▸ Exercise instructions:
Starting at the line that contains "The experimental platform" and stopping after the line that contains "今回はジンエアーLJ222便で成田から釜山へ向かった搭乗レポートです。", transcribe the listing below exactly; do not include any pictures.
- - - - - - -
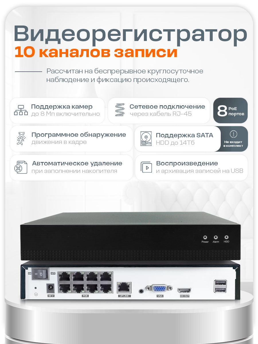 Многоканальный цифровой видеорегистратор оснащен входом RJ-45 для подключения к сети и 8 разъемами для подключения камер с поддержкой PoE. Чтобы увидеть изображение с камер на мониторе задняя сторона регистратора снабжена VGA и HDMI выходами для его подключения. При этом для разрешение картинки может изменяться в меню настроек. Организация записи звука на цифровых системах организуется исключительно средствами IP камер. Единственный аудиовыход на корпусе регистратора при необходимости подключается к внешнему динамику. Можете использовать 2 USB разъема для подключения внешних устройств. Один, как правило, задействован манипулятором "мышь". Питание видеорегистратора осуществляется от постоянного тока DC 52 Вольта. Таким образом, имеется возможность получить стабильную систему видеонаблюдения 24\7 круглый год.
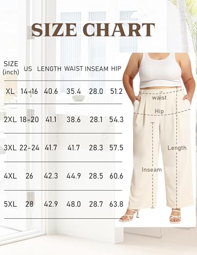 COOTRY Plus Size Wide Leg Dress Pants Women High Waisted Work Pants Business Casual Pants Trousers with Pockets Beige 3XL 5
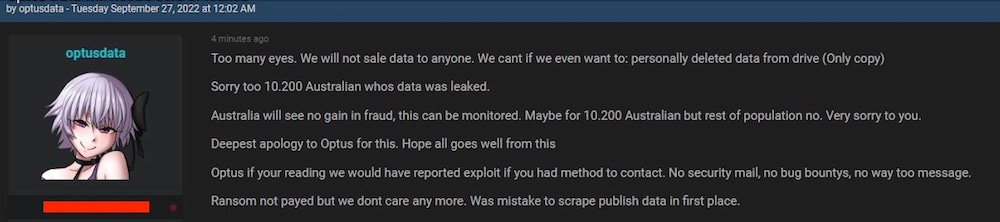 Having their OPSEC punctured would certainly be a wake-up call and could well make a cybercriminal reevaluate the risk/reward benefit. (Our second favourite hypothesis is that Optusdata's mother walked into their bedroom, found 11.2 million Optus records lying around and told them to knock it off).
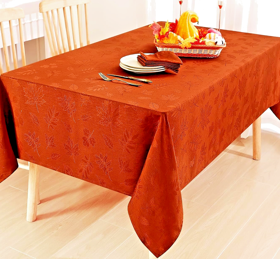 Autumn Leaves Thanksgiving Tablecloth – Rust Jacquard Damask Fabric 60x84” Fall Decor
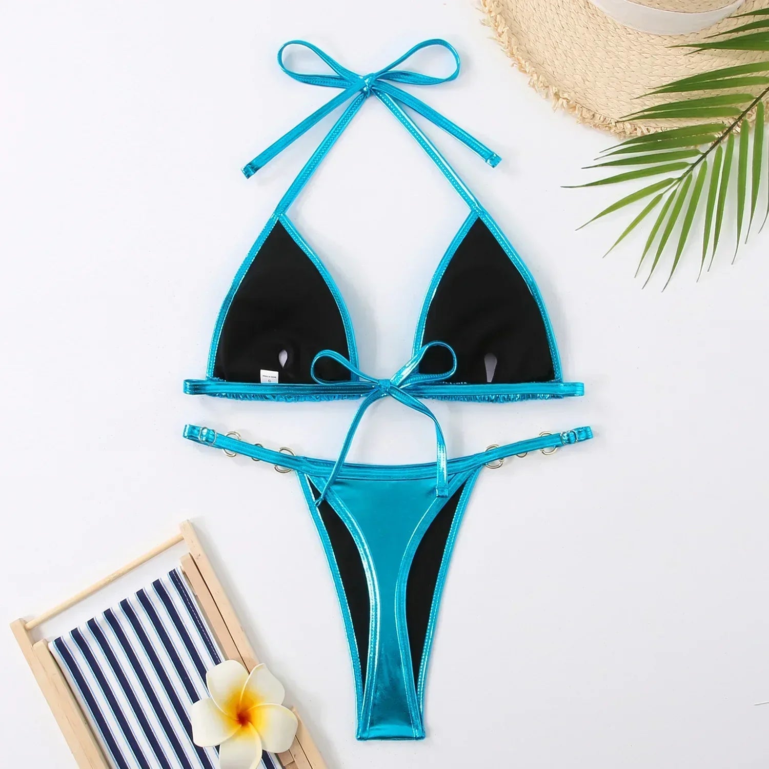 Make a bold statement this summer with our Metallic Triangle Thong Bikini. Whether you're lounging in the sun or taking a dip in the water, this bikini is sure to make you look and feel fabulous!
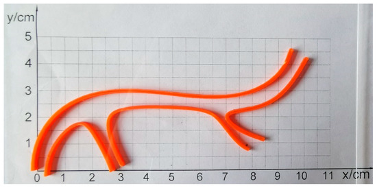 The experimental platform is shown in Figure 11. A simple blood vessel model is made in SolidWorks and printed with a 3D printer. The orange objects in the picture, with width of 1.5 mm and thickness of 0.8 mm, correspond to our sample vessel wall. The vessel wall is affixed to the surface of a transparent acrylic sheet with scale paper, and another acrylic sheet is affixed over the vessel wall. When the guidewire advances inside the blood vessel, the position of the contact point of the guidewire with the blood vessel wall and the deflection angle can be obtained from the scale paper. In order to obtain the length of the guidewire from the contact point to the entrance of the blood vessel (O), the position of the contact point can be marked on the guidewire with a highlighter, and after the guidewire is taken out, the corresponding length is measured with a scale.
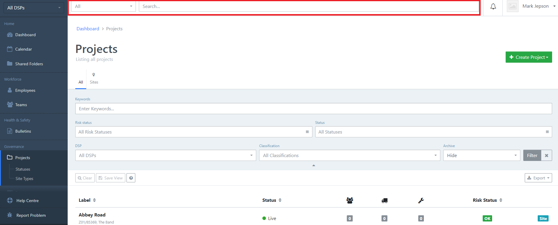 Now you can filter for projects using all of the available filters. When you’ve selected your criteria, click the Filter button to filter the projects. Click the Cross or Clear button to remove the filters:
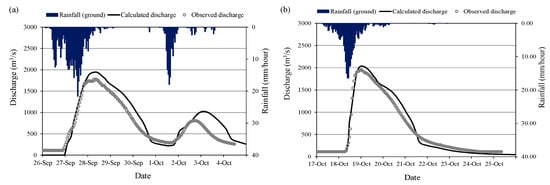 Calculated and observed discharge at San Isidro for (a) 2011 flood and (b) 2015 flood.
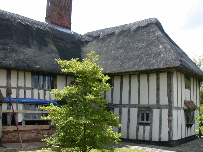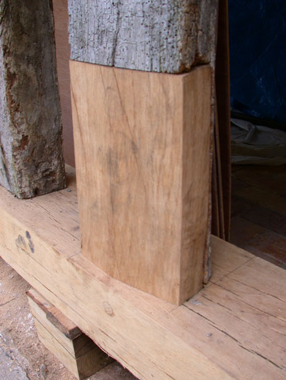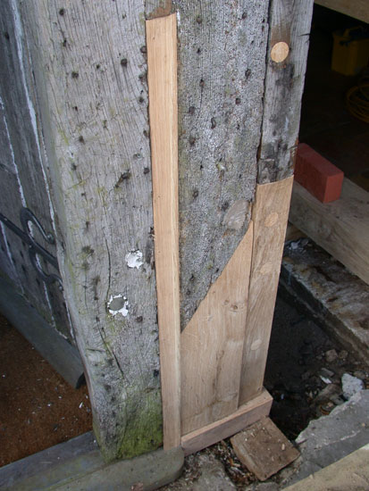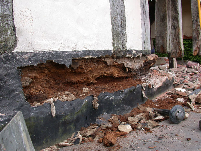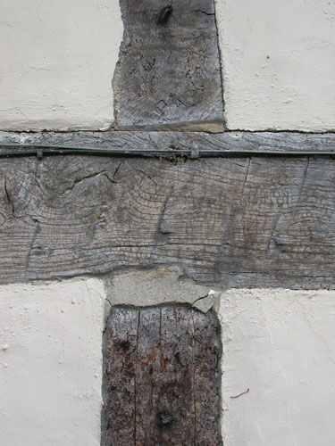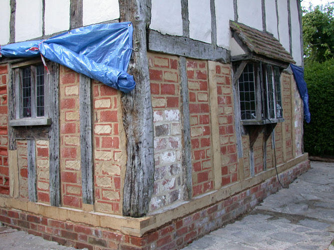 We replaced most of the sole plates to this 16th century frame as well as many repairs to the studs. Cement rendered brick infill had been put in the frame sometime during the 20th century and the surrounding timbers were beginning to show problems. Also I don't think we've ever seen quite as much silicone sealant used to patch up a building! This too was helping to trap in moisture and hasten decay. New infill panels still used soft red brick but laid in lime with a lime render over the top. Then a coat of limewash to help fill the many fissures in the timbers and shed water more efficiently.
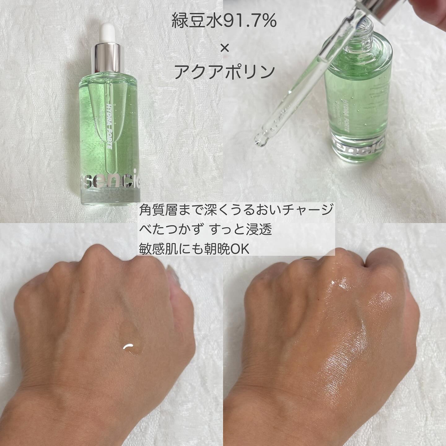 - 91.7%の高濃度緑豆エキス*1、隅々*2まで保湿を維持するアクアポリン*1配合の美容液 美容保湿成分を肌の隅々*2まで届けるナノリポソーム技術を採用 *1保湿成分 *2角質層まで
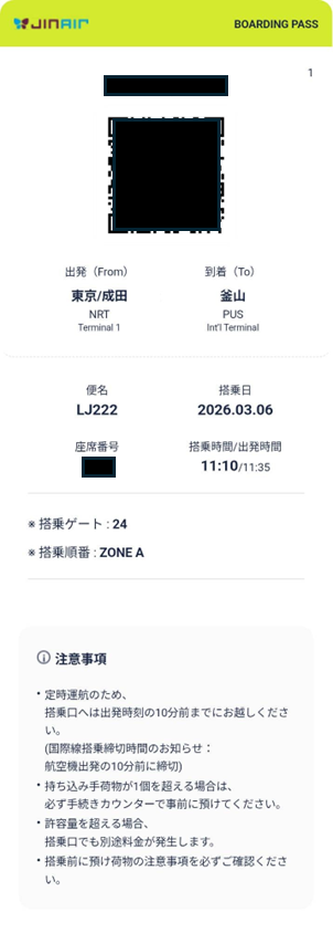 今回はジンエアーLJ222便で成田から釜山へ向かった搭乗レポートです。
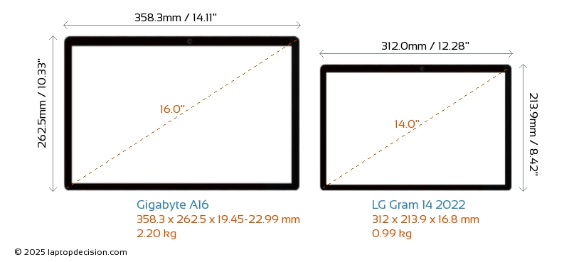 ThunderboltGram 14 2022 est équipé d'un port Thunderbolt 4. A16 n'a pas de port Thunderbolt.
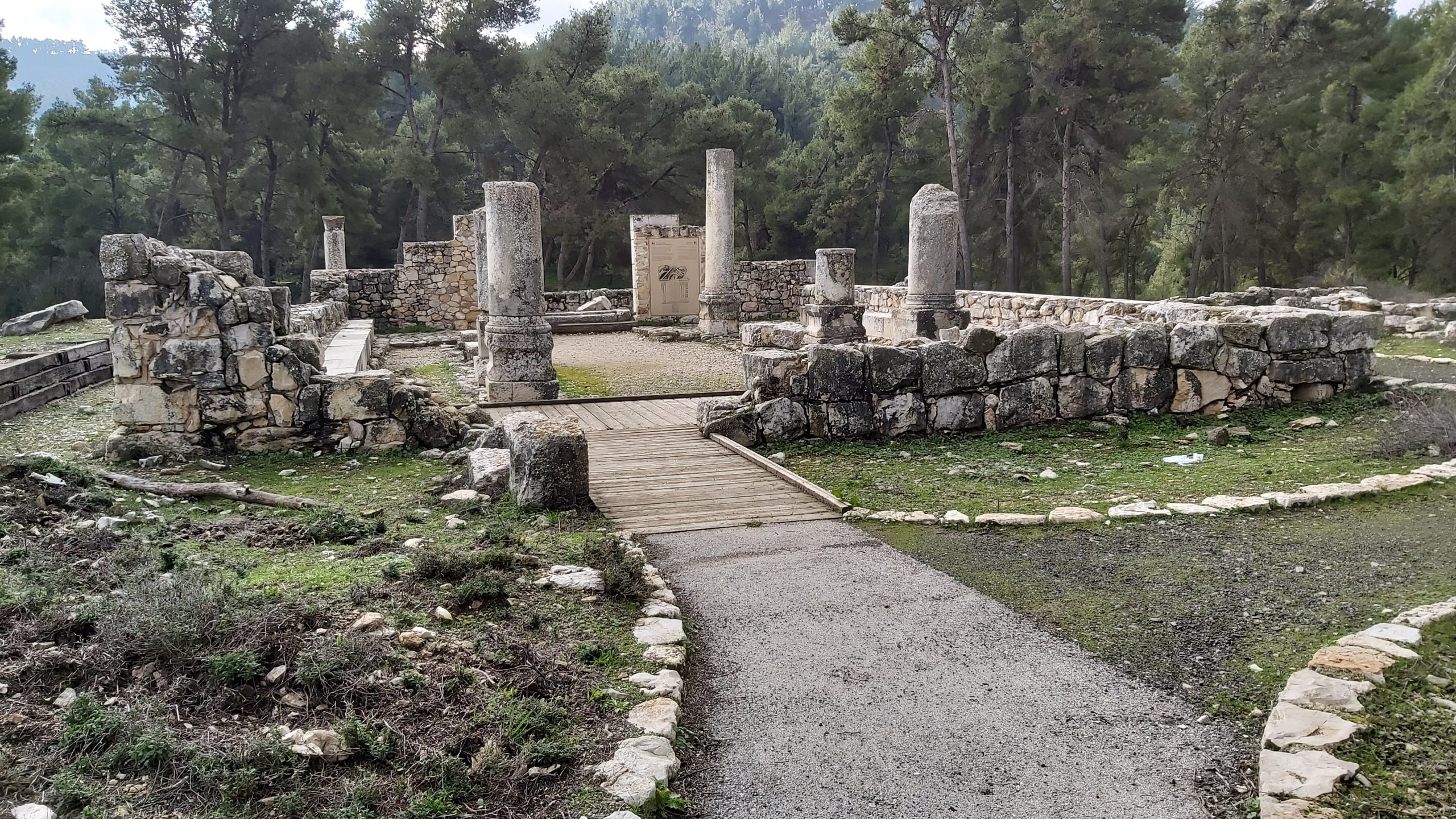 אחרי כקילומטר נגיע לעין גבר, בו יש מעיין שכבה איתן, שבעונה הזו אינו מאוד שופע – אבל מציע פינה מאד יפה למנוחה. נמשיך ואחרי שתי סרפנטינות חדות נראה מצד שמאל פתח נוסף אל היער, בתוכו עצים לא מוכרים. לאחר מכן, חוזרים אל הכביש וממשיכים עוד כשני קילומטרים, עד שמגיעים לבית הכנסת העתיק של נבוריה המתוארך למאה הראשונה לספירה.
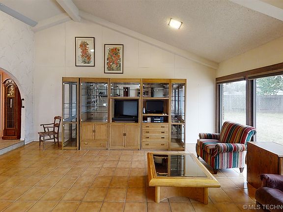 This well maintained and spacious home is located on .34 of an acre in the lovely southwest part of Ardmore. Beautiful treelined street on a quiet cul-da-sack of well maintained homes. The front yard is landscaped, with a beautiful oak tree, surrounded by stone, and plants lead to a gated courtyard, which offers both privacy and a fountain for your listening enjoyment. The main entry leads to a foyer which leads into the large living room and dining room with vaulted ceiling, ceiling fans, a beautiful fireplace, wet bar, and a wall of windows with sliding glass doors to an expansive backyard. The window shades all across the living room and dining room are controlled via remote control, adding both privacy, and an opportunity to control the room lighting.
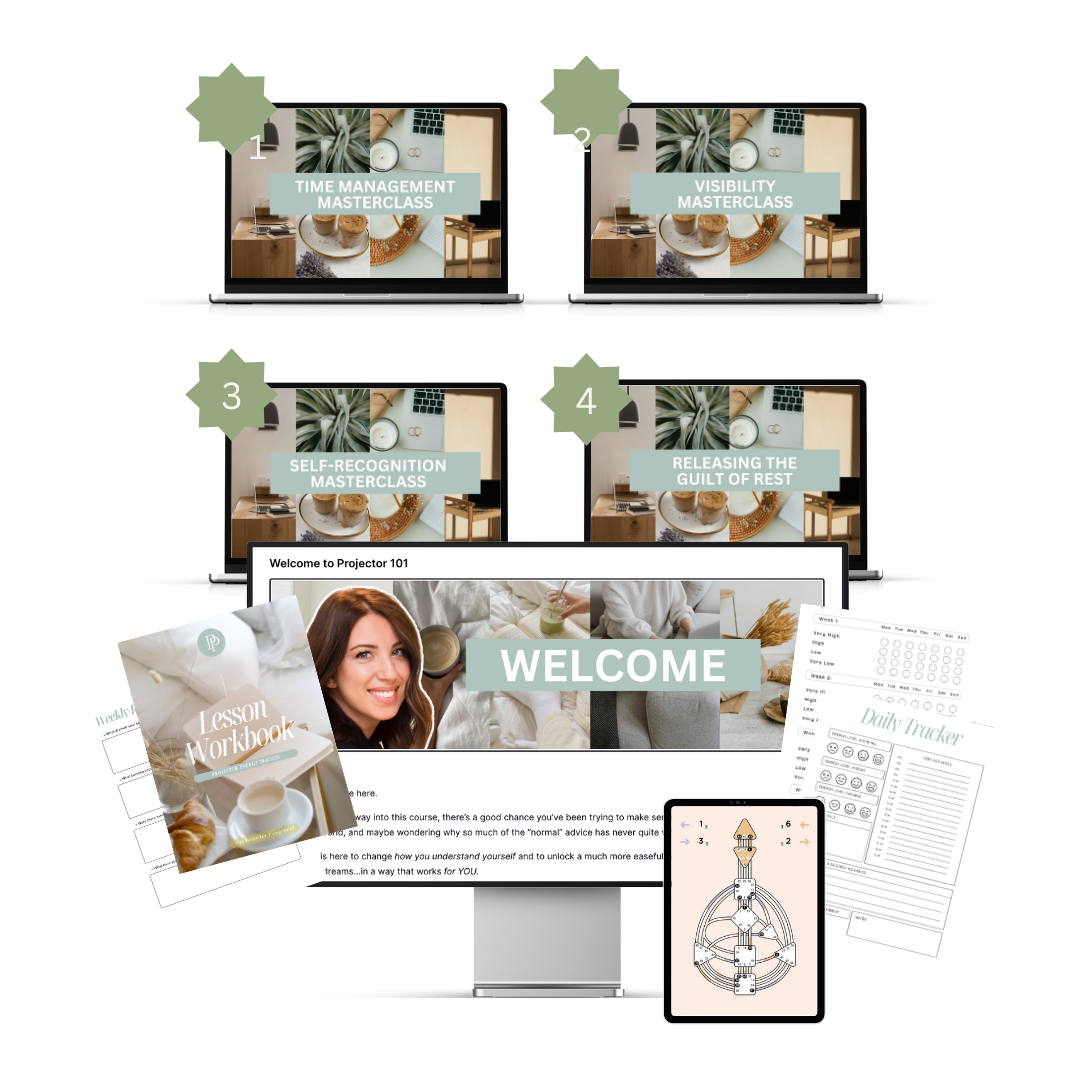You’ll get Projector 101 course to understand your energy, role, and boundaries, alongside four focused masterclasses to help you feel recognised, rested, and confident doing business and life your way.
- - - - - - -
▸ Response:
 The experimental platform is shown in Figure 11. A simple blood vessel model is made in SolidWorks and printed with a 3D printer. The orange objects in the picture, with width of 1.5 mm and thickness of 0.8 mm, correspond to our sample vessel wall. The vessel wall is affixed to the surface of a transparent acrylic sheet with scale paper, and another acrylic sheet is affixed over the vessel wall. When the guidewire advances inside the blood vessel, the position of the contact point of the guidewire with the blood vessel wall and the deflection angle can be obtained from the scale paper. In order to obtain the length of the guidewire from the contact point to the entrance of the blood vessel (O), the position of the contact point can be marked on the guidewire with a highlighter, and after the guidewire is taken out, the corresponding length is measured with a scale.
 Now you can filter for projects using all of the available filters. When you’ve selected your criteria, click the Filter button to filter the projects. Click the Cross or Clear button to remove the filters:
 Calculated and observed discharge at San Isidro for (a) 2011 flood and (b) 2015 flood.
 We replaced most of the sole plates to this 16th century frame as well as many repairs to the studs. Cement rendered brick infill had been put in the frame sometime during the 20th century and the surrounding timbers were beginning to show problems. Also I don't think we've ever seen quite as much silicone sealant used to patch up a building! This too was helping to trap in moisture and hasten decay. New infill panels still used soft red brick but laid in lime with a lime render over the top. Then a coat of limewash to help fill the many fissures in the timbers and shed water more efficiently.
 - 91.7%の高濃度緑豆エキス*1、隅々*2まで保湿を維持するアクアポリン*1配合の美容液 美容保湿成分を肌の隅々*2まで届けるナノリポソーム技術を採用 *1保湿成分 *2角質層まで
 今回はジンエアーLJ222便で成田から釜山へ向かった搭乗レポートです。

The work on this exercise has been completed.